Right Angle Studio’nun tasarım anlatısında yeni bir döneme işaret eden bu dubleks daire, geçmişin, bugünün ve geleceğin unsurlarını uyum içinde harmanlayarak, bütüncül bir mekansal deneyim sunuyor.
Dairenin içi, toplantılar ve sohbetler için tasarlanmış minimalist ve dikkat çekmeyen alanlarla donatılmış. Yemek alanında, duvarlara kusursuz bir şekilde entegre edilmiş özel yapım bir sergi rafı bulunuyor. Bu, mekânın düzenini ve ambiyansını uyumlu hale getiriyor.
Açık mutfak düzeni, kökenlerine saygı duruşunda bulunan bar tezgâhı ile dikkat çekiyor. Oturma odasında yer alan kayar dişbudak ağacı perdeler, alanı zarif bir şekilde bölerek huzurlu dış bahçeye göz kırpıyor.
Alt katta yer alan ağaç, yaşamın yolculuğunu ve büyümeyi simgeliyor ve doğayı mekana davet ediyor. Merdivenler de tamamen dönüştürülmüş, iki ahşap temel platform üzerine yerleştirilmiş ve üst kata erişimi iyileştirmek için yeniden yapılandırılmış.
Yukarı katta, yapay bir gökyüzü penceresi mezzanine katını ışıkla doldurarak, önceden karanlık olan atmosferi dönüştürüyor.

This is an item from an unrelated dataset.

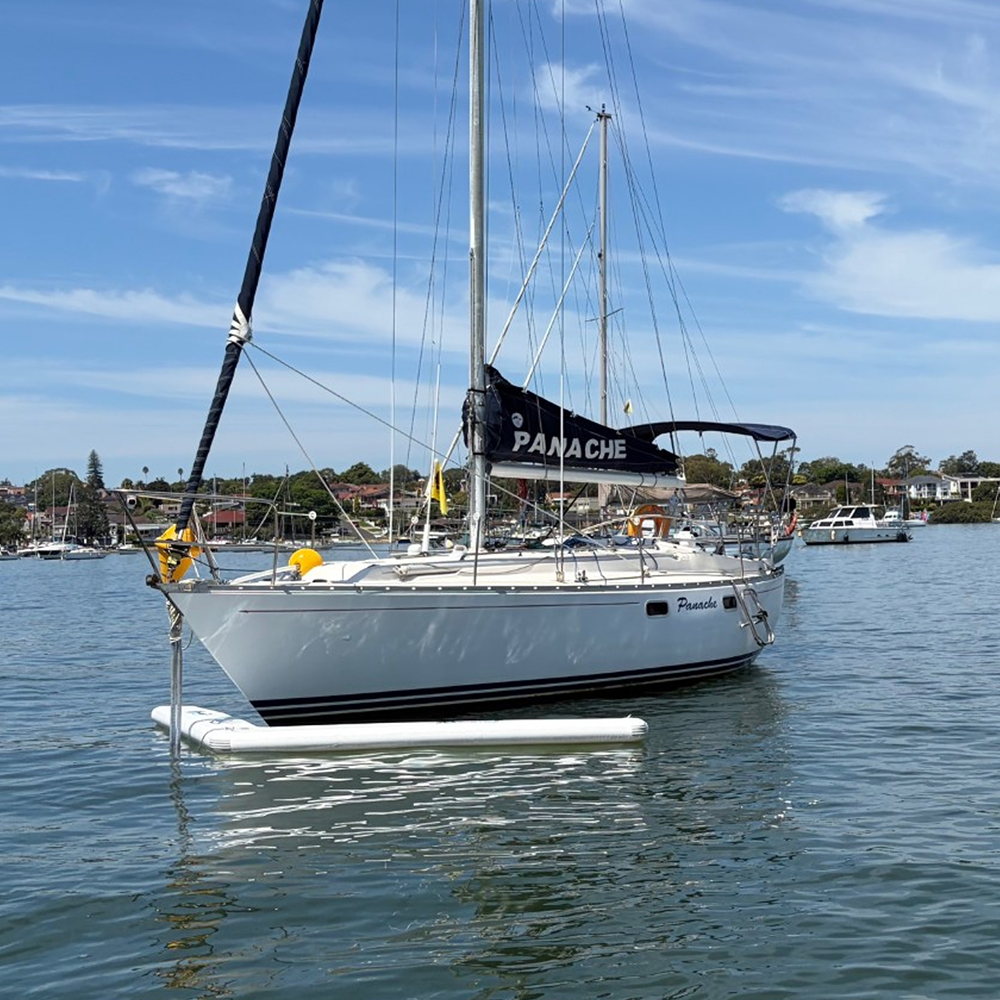 LAP-STOP™ is a floating wave attenuator for yachts and motor boats. Placed at the bow while at anchor or on a mooring, it flattens wind chop — dramatically reducing the lapping noise that makes sleeping in the v-berth a nightmare.

Bu katın odak noktası ise ışıkla parantez şekline oyulmuş minimalist bir duvar sanatı. Bu sanat eseri, alanı çağdaş bir cazibe ile çerçeveliyor.
Orijinal yapının kavisli hacimlerini koruyan ana odanın yatak başı, süreklilik ve zarafet sunuyor. İnsan yapımı gökyüzü pencereleri banyolara minimalist formlarıyla ışığını yayıyor. Krem ve nötr tonların hakim olduğu palet, mekan boyunca sıcak ve davetkar bir atmosfer yaratıyor.
Her detayıyla zamansız bir zarafet ve modern bir dokunuş sunan bu daire, geçmişten geleceğe uzanan bir tasarım yolculuğunun simgesi.